Work request ▸
Write the lines below out exactly, dropping each picture.

Material provided ▸
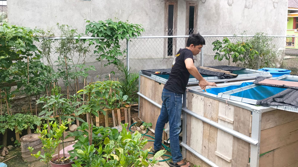 Di sela kesibukan bekerja, bapak dari satu anak ini memanfaatkan pekarangan rumah untuk berkebun dan beternak ikan patin.
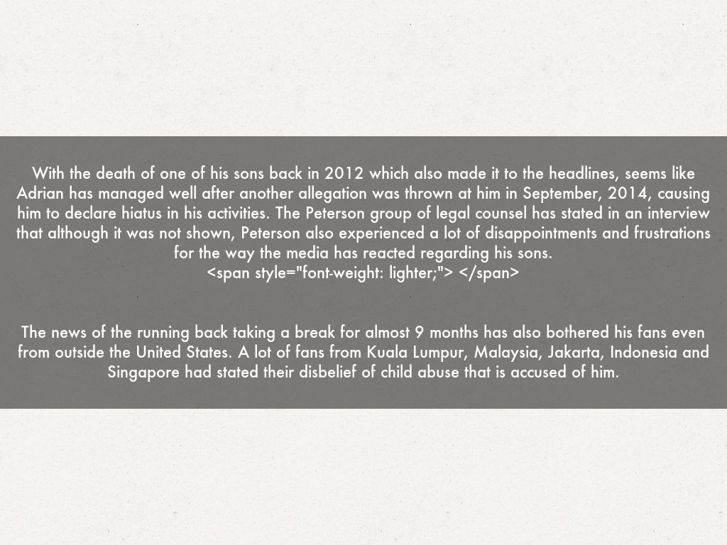 The news of the running back taking a break for almost 9 months has also bothered his fans even from outside the United States. A lot of fans from Kuala Lumpur, Malaysia, Jakarta, Indonesia and Singapore had stated their disbelief of child abuse that is accused of him.
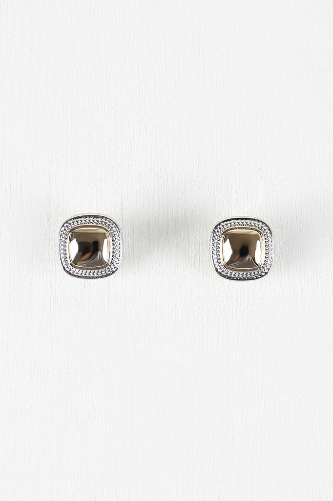 Vintage-inspired earrings that feature a textured square frame, rounded corners, and contrast color glossy center. Finished with a clip post back.

Answer box ▸
 Di sela kesibukan bekerja, bapak dari satu anak ini memanfaatkan pekarangan rumah untuk berkebun dan beternak ikan patin.
 The news of the running back taking a break for almost 9 months has also bothered his fans even from outside the United States. A lot of fans from Kuala Lumpur, Malaysia, Jakarta, Indonesia and Singapore had stated their disbelief of child abuse that is accused of him.
 Vintage-inspired earrings that feature a textured square frame, rounded corners, and contrast color glossy center. Finished with a clip post back.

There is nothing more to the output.